Women's Heart Advisor July 2013 Issue

Ask The Doctors: Women's 07/13

Q. I’ve just had a hysterectomy and my doctor is recommending I start estrogen therapy to manage my menopause symptoms, but I read that this may increase my risk of atrial fibrillation. Is it worth taking estrogen therapy if it can hurt my heart?

A. Atrial fibrillation (AF) is the most common chronic arrhythmia diagnosed in women, increasing in prevalence from 0.1 percent in those younger than 55 to 9.1 percent among those 85 years or older. There is growing evidence to suggest that sex hormones may play an important role in the impact of AF in women. The Women’s Health Initiative (WHI) postmenopausal hormone therapy (PHT) placebo-controlled trials randomized women who had not undergone hysterectomy to estrogen plus progestin (E+P trial) or estrogen only (E-alone trial) for women who had undergone a hysterectomy. After an average follow-up of 5.6 years, 323 women were diagnosed with new- onset AF in the E+P group, compared with 288 cases in the placebo group. Estrogen-alone therapy was associated with a significant increase in the diagnosis of new-onset AF. After combining the E+P and E-alone trials, the rate of incident AF was significantly higher for women on hormone therapy who also had diabetes at baseline, was age 70 to 79 years and had a body mass index above 30 kg/m2.

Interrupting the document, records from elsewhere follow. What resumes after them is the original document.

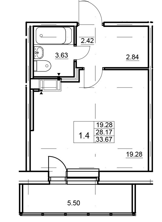 Общая площадь 33.67 м2
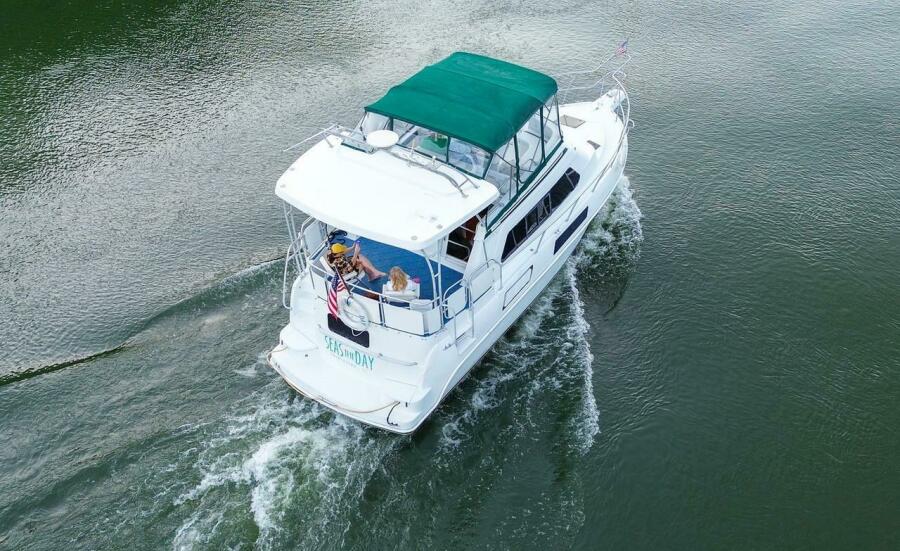 This Mainship 37 Aft Cabin Motor Yacht was a very innovative design when introduced in 1995 with several unique features. Most Motor Yachts in this category have an open front windshield in the cabin but not the Mainship 37. This allows fora very unusual interior configuration with the step down Ga
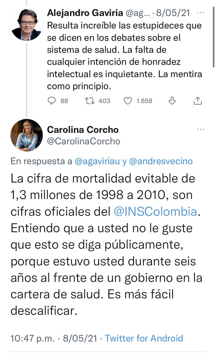 2. En mayo de 2021 en varias entrevistas dijo que en “Colombia han fallecido por mortalidad evitable un millón trescientas mil colombianos entre 1998 y 2010” lo cual es falso e impreciso y a lo cual el mismo Alejandro Gaviria le respondió en su momento.
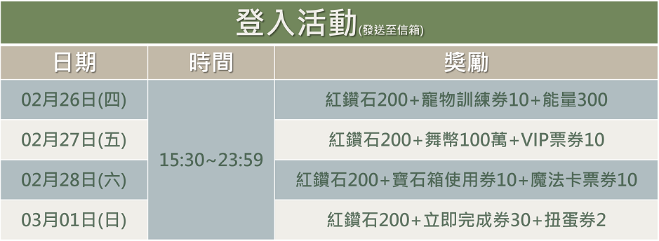 2026-02-26 (四)~2026-03-01(日),天天登入送獎勵。
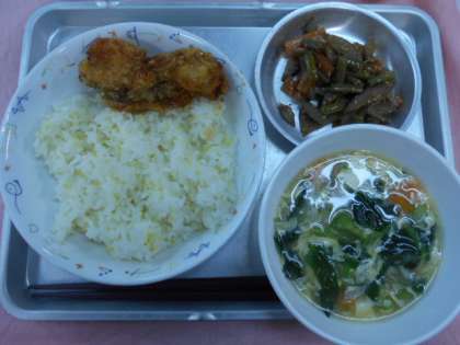 きびごはん 白身魚のソースかけ 五目きんぴら かきたま汁 牛乳

Results from these trials are the first to examine the relationship between PHT and the risk of AF and other cardiovascular events. Currently, we only recommend the use of hormone replacement therapy for a short duration of time to treat menopausal symptoms. Data from these studies on the link between AF and hormone therapy are interesting, but additional research is needed to determine the definitive connection between the increased risk and the best duration of treatment for postmenopausal women.

Q. I occasionally have symptoms of heartburn and/or another type of reflux, which seem to mimic those of a heart attack. How do I know when these symptoms are actually signs that I should seek medical care?

A. This is a good question, and one that women should understand. A pain or burning sensation in the chest could be indicative of a heart attack, or less life-threatening conditions such as heartburn. Anytime you experience new or unusual pains or other feelings in your chest, it’s important to seek medical attention.

The symptoms connected with a heart attack and heartburn has some differences, although it is often difficult to distinguish them. Typically, a heart attack feels like your chest is being squeezed or crushed and the pain often extends to the shoulder, back, throat, jaw, and arms. Most patients experience lightheadedness and have trouble catching their breath; some also have cold sweats and nausea. Not all heart attacks come on suddenly. In fact, most people diagnosed with a heart attack have had symptoms for a while, beginning with mild pain or discomfort. In some cases, the discomfort comes and goes for a while. If you have severe, crushing chest pain that lasts for more than a few minutes, or other symptoms of a heart attack, call 911 and get immediate medical help.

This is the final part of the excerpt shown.